If you are ending your marriage, you know how difficult it can be to split up your assets and debts. Emotions can interfere with logic, yet your future may depend on making smart financial decisions.
Property division is often more complicated in a high-asset breakup. Certain assets are hard to value accurately. You may need to consult a forensic accountant to help gather evidence and information. Here are several classes of assets that may require special knowledge.
In a high-asset divorce, you likely have real estate beyond the marital home. Examples include vacation homes, rental properties and real estate investments. Such assets may have few comparable properties available, so getting an accurate assessment can be challenging.
You and your spouse may have multiple retirement plans, including stocks, mutual funds, 401(k) plans or pensions. Transferring funds from one party to the other may incur penalties. You need to understand the tax implications as well.
Closely held private businesses are much more difficult to value than publicly traded corporations. Private family firms do not need to disclose financial information in filings with the Securities and Exchange Commission. Therefore, calculating their value sometimes requires extensive research.
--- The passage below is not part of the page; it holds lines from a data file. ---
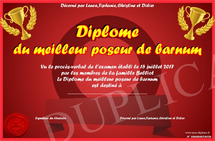 Envoyez par email votre Diplôme du meilleur poseur de barnum personalisé
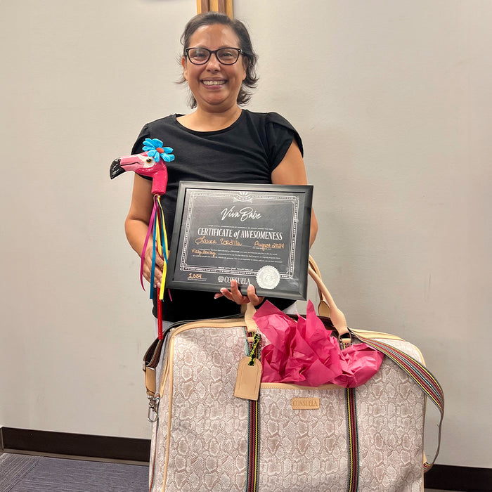 Congratulations to our newest Viva Babe, Laura! We are beyond thrilled to honor Laura, whose strength, kindness, and positive spirit have touched countless lives at work, in her family, and across the community. Her Viva Babe surprise came during a staff meeting, where her boss, Vicky, read her heartfelt nomination. As the room filled with cheers and applause, Laura was left speechless, overwhelmed by the recognition and thoughtful gifts.
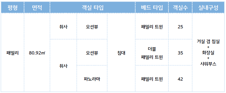 ○ 패밀리 오션뷰 객실 요금 (무기명 회원 기준, 2024.07.19 ~ 2025.07.18)
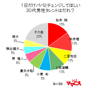 「1日だけパパとチェンジしてほしい30代男性タレントはだれ?」(n=184)と聞いたところ、1位が櫻井翔さん(15%)、2位が向井理さん(13%)という結果となりました。櫻井さんに対しては勉強を教えること、向井さんに対しては料理を作ってくれることを期待しているママが多数で、「ママがパパにお願いしたいこと」がうかがえる結果になりました。
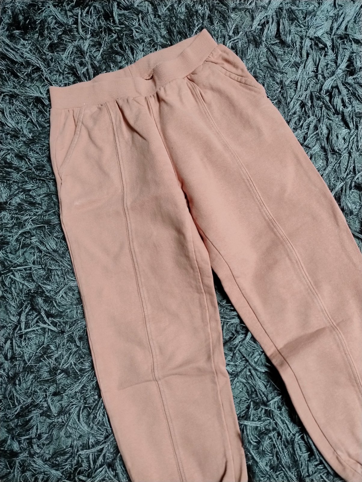 Veľmi pekný stav, krásne kvalitné, párkrát oblečené, trblietavý pás a okraj vreciek, bez žmolkov, bez fľakov, s vreckami, pás na gumu a funkčnú šnúrku, sýta farba, nezateplené, 📌bočná dĺžka 76cm,...
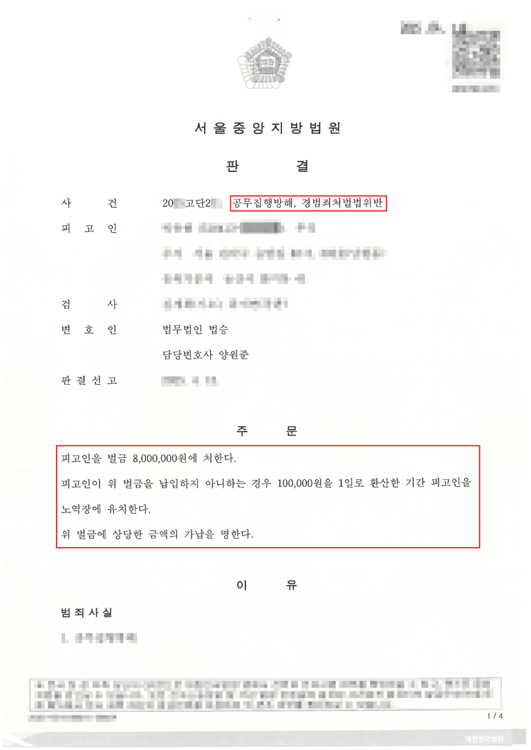 법원은 저희의 변론을 받아들여 의뢰인에게 벌금형을 선고하였습니다. 본 사건의 결과로 의뢰인은 구속이나 실형 없이 일상생활로 복귀할 수 있게 되었으며, 직장 생활도 계속 유지할 수 있게 되었습니다. 의뢰인의 사회적, 경제적 피해를 최소화하는 결과를 얻을 수 있었습니다.
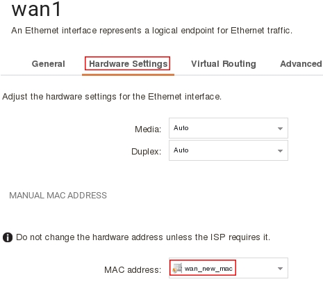 Перейдите на вкладку Hardware Settings и в поле MAC Address из выпадающего меню установите wan_mac

Personal collections present distinct valuation challenges. You or your spouse may treasure the works of art, classic automobiles or antiques you have amassed over the years. However, their market value may differ greatly from their importance to you. To further complicate matters, each item may be worth much more or less than what you paid for them.
You enjoyed a comfortable lifestyle during your marriage; you want that lifestyle to continue after the divorce. It is crucial to get solid professional advice when so much is on the line.